Dengan privatisasi yang dianut sistem ini, berbagai sarana kehidupan menjadi terasa semakin sulit didapatkan.
Kehidupan seolah ring tinju, yang dibiarkan pertandingan tanpa imbang antara si kaya dan si miskin.
Teori trickle down effect yang dicetuskan Adam Smith, salah seorang tokoh kapitalisme, menjadikan pertumbuhan ekonomi berpusat pada kalangan kaya. Produksi digalakkan, namun konsumsi dan distribusi tidak menjadi fokus perhatian.
Sehingga dalam sistem ini, meskipun kemiskinan ekstrem dapat dihilangkan, namun menyisakan PR kemiskinan yang terus merajalela.
Lalu ditempuhlah solusi tambal sulam, berupa pemberian santunan-santunan.
Menurut penulis, mengatasi kemiskinan harus bermula dari sebab mendasarnya, yaitu penerapan sistem kapitalisme ini, yang tidak akan mampu menyelesaikan masalah kemiskinan secara tuntas.
Kita bisa melihat fakta, bagaimana kondisi negara-negara adidaya penganut sistem kapitalisme ditemukan banyak orang kaya, namun kemiskinan tetap merajalela.
Jika menilik kepada Islam, syariat menetapkan bahwa setiap rakyat berhak mendapatkan kebutuhan pokok mereka secara makruf(layak). Hal ini sebagaimana firmanNya dalam surat Al-Baqarah ayat 133.
Pemenuhan kebutuhan pokok ini adalah dengan menjamin lapangan pekerjaan bagi para ayah agar mampu memenuhi kewajiban mereka kepada keluarga.
Adapun jika ayah berkendala semisal karena sakit, maka kewajiban itu akan ditanggung oleh negara, sehingga keluarga tidak akan terlantar pemenuhan kebutuhan pokoknya, baik sandang, pangan, dan papan.
Adapun kebutuhan masyarakat secara bersama semisal pendidikan, kesehatan, dan keamanan, akan dipenuhi oleh negara, secara gratis dan berkualitas. Seluruh rakyat, baik miskin atau kaya, akan terpenuhi kebutuhan mereka secara adil.
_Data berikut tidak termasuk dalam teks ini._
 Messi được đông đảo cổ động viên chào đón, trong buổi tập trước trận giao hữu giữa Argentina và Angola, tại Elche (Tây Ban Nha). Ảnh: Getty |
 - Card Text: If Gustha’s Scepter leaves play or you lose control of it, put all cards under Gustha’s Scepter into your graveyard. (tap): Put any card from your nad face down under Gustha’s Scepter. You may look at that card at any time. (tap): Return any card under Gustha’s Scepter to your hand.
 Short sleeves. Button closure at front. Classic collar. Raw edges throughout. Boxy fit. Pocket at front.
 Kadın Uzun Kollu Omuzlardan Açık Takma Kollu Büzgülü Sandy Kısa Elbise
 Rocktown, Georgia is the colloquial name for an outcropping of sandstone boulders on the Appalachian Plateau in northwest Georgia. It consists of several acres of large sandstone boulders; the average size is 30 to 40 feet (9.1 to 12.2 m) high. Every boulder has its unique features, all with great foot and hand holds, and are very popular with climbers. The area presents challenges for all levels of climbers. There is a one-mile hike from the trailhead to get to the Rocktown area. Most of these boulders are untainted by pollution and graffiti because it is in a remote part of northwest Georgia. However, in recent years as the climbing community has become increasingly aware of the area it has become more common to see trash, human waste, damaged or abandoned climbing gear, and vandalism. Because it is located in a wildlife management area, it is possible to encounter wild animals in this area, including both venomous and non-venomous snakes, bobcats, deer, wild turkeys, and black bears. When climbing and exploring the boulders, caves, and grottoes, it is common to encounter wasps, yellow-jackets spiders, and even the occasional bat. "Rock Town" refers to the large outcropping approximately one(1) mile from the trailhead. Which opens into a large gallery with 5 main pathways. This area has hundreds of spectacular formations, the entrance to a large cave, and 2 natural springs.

Hal ini merupakan manifestasi dari pelaksanaan tuntunan syariat, sebagaimana sabda Nabi SAW:
“Imam adalah pengelola urusan masyarakat. Dan ia akan dimintai pertangung jawaban atas pengelolaannya”.
Penerapan sistem Islam ini pernah terbukti sejak masa Rasulullah ketika di Madinah dan dilanjutkan oleh para khalifah (pengganti) sesudah beliau SAW.
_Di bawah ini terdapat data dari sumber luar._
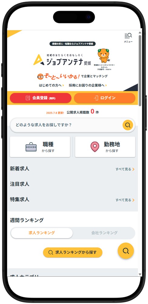 ■「ジョブアンテナ愛媛」の画面イメージ ※画像は開発中のものです
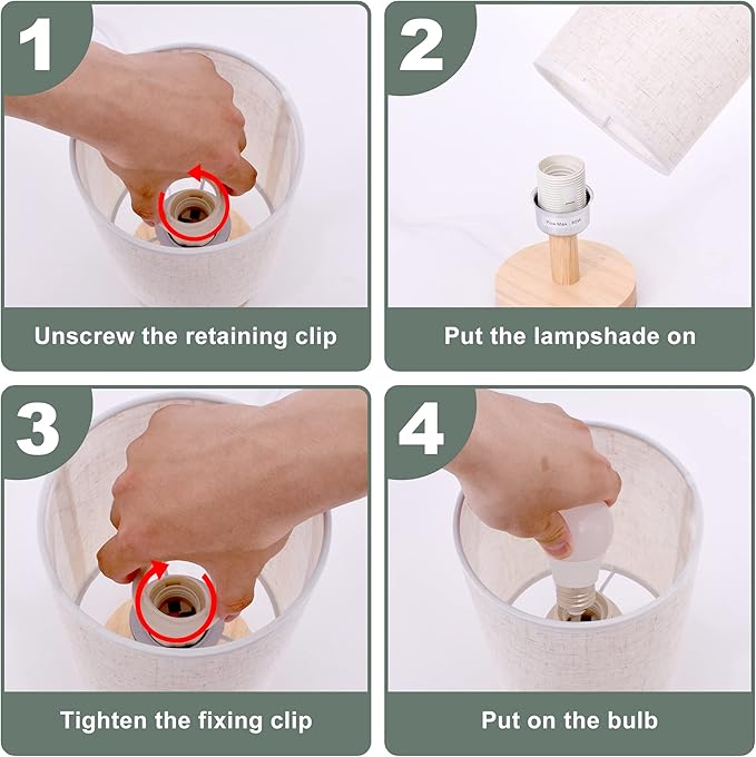 - E26 universal base, you can additionally equip the ACHUAI wooden desk lamp with other color bulbs you like, max 60 watts.
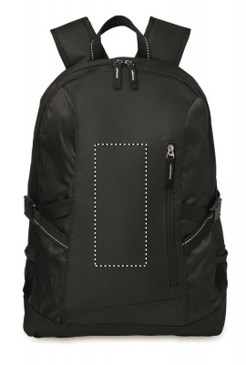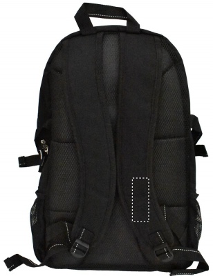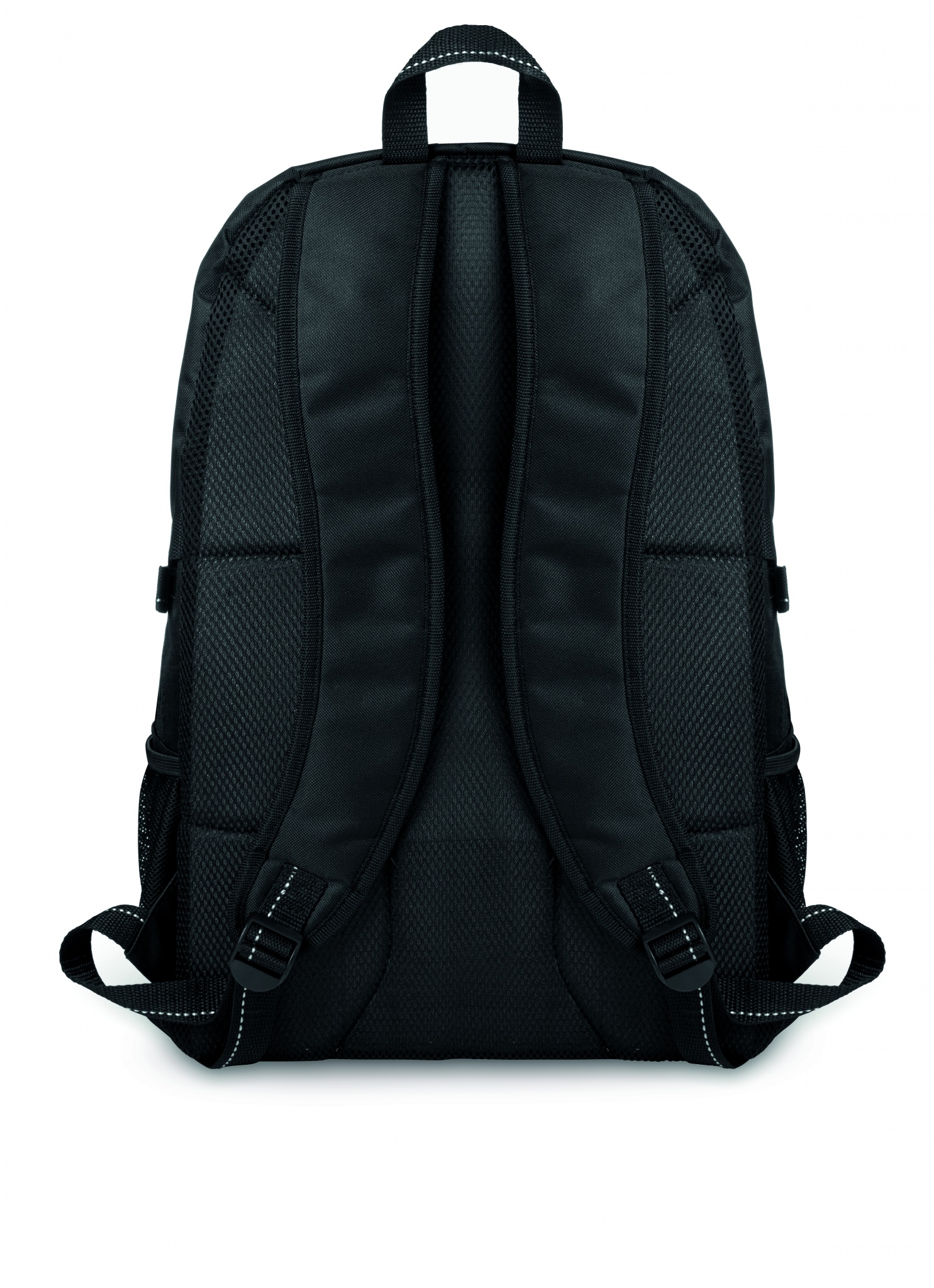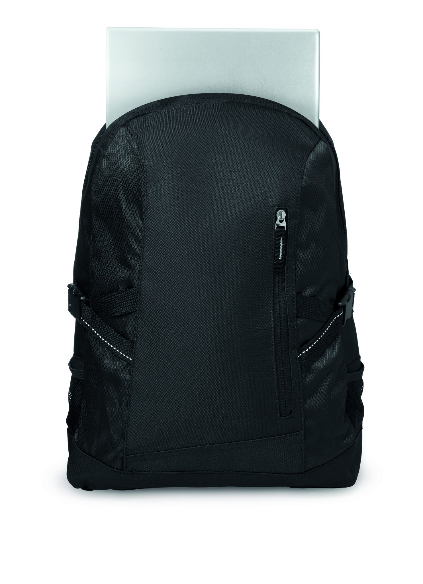 15 laptop backpack in 600D with rip stop details. Includes one internal 15 laptop compartment, one main front zippered pocket and 2 side compartments. Adjustable shoulder strap.

Pada masa khalifah Umar bin Khattab misalnya, terlihat upaya beliau dalam pemenuhan kebutuhan pokok seluruh masyarakat. Bahkan perkataannya yang masyhur, ” Jika ada satu keledai terperosok karena jalanan buruk, Umar yang akan bertanggung jawab”.
Adapun pada masa khalifah Umar Bin Abdul Aziz, selama tiga tahun berkuasa, tidak ditemukan satu orangpun fakir miskin (yang layak menerima zakat).
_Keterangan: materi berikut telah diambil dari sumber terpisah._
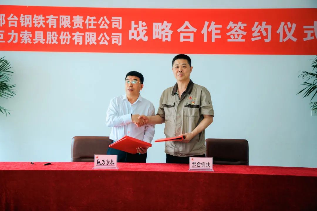 2023年6月19日,巨力索具與邢臺鋼鐵簽訂戰略合作協議,邢臺鋼鐵董事長張育明,巨力索具董事長楊建國、總裁楊超出席簽約儀式,并就合作情況展開詳細座談。
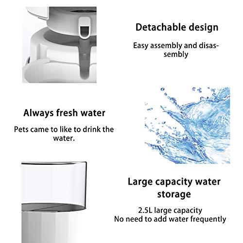 - Gran capacidad de 2,5 litros: gran capacidad sin rellenado frecuente, puede satisfacer las necesidades de agua de perros pequeños o gatos grandes de 7 a 15 días. No te preocupes por alimentar el agua de tu mascota cuando trabajes tarde o viajas distancias cortas.
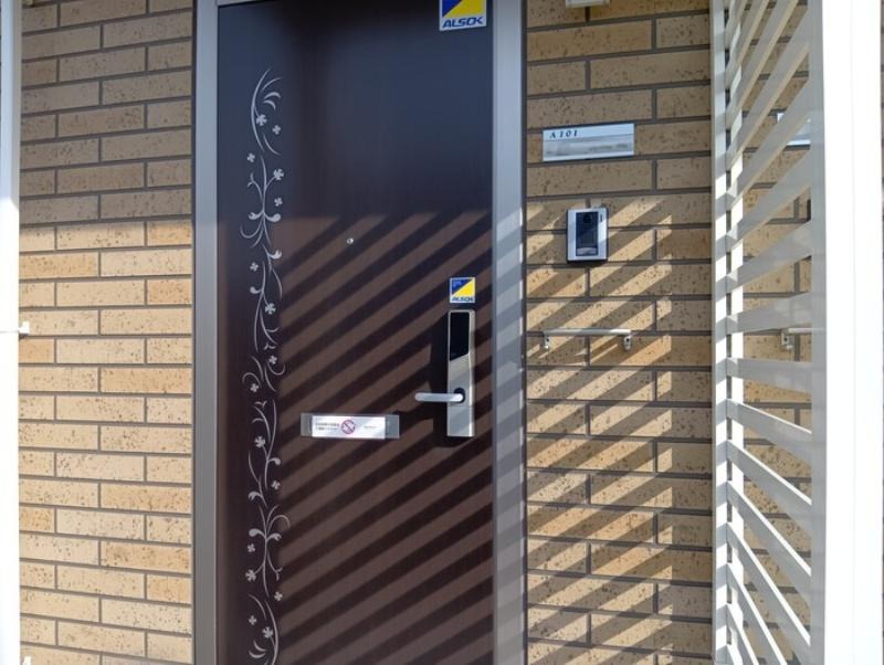二人入居可、システムキッチン、給湯、シャワー付洗面化粧台、床下収納、ウォークインクローゼット、CATV、駐輪場あり、角部屋、温水洗浄便座、オール電化、カウンターキッチン、洗面所独立、保証人不要、水道(公営)、排水(下水)、バス・トイレ別、コンロ(三口)、エアコン、フローリング、TVドアホン、インターネット使用料無料、セキュリティ会社、敷金なし

Dikisahkan, di masanya, terjadi kesulitan membelanjakan kas baitul mal karena tidak ada lagi yang membutuhkannya. Masya Allah.
Rahasia kesejahteraan pada masa itu, terletak pada penerapan sistem Islam, , dimana ekonomi Islam bukan hanya sekedar zakat, infak, dan sedekah semata, namun pada mekanisme pemasukan kas negara(baitul mal).
Dijelaskan dalam nash syariat, pemasukan baitul mal selain berasal dari zakat, infak, sedekah, juga berasal dari pengelolaan sumber daya alam yang dikelola oleh negara.
Inilah kekhasan sistem ekonomi Islam, dimana sumber daya alam tidak diserahkan kepada swasta apalagi asing, namun dikelola oleh negara, dan hasilnya dimanfaatkan untuk memenuhi pengelolaan urusan masyarakat.
Melihat sumber daya alam Jawa Barat yang gemah ripah, tampaknya kita perlu melirik kepada sistem Islam, agar kemiskinan dapat dientaskan.
Para ibu pun akan fokus pada peran mereka, mencetak generasi penerus bangsa, tanpa diberikan beban tambahan yang berat, akibat kemiskinan sistemik.